A “blinded” study means that the participant (as well as their parent/guardian) does not know whether they are receiving the active or placebo formulation. In this study, the diabetes management team will also not know which group participants are in.

Can I choose to receive the study drug?
Whether a participant receives the placebo or active formulation is random – that is, it is left completely to chance (like flipping a coin). Neither participants nor study staff are able to choose which group a participant will be assigned to. If you enroll, there is a 2 in 3 chance that you will receive the study drug and a 1 in 3 chance that you will receive the placebo.

Will my/my child’s privacy be protected?
START investigators take the privacy of study participants very seriously.
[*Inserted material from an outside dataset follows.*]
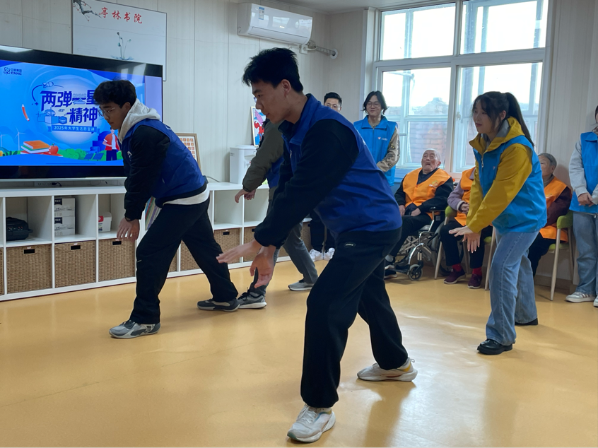 游戏休息环节,同学们为养老院的老人们献上了自己编排的曲目与知识盛宴。首先《强军战歌》激昂有力,激发了现场每一个人的爱国情怀。两首经典歌曲响彻活动现场,随后一首《外婆的澎湖湾》旋律轻快勾起了大家对美好生活的温馨回忆。歌声渐落,同学们巧妙地穿插“两弹一星”知识宣讲。他们用通俗易懂的语言,简要介绍了我国“两弹一星”事业的发展历程和辉煌成就,不仅让老人们感受到了现代科技的进步,也让同学们深刻体会到了科学技术对国家安全和社会发展的重要性。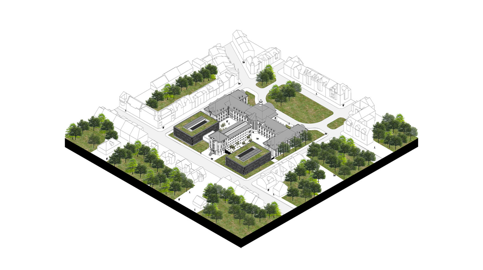 Le bâtiment existant, où sont installées principalement les salles d’audience, est restructuré le plus légèrement possible tandis que deux extensions sont construites de part et d’autre, en strict alignement, assurant les continuités urbaines des rues.

The confidentiality of all patient records is maintained according to regulations set by the Food and Drug Administration and the Department of Health and Human Services. The results of all tests, assessments and evaluations performed during the course of the study will remain confidential and will not be released to third parties without prior written consent of the participant and/or their parent/guardian. Prior to release of the study results, all personal identifying information will be stripped so that results may not be associated with any one individual.

Will my primary care physician and current diabetes provider be involved?
Your current health care providers have much to offer in helping you manage type 1 diabetes. The START study team will work closely with your current health care providers to develop, manage and track your progress in the intensive diabetes management program.

What are the potential risks/benefits of participating?
The health and safety of participants in the START trial is the highest priority of the study investigators and sponsors. The START trial has been designed to minimize potential risks to study volunteers. However, as with any medication, there is the risk of developing side effects from the medications provided as part of the START trial. Depending on the person, these side effects can vary in both type and severity. Taking part in the START trial may or may not make your health better. While doctors hope that Thymoglobulin will be effective in treating diabetes, there is no proof of this yet. If you are in the treatment group, and Thymoglobulin proves to work, your diabetes may improve, but this cannot be guaranteed.

Every participant in the study will receive intensive diabetes management - research has shown that following an intensive diabetes management program and keeping your blood sugar levels close to normal can help to preserve beta cell function and decrease the risk of long-term complications from diabetes. Your participation in this study may improve our understanding of Thymoglobulin, and the information learned in this study may help future patients with type 1 diabetes.

If I agree to participate, can I change my mind?
Participation is completely voluntary. If you decide to participate and at any time during the study you change your mind, you are free to stop participating. Your decision to stop being in the study will not have any effect on your ability to continue to get the health care you need.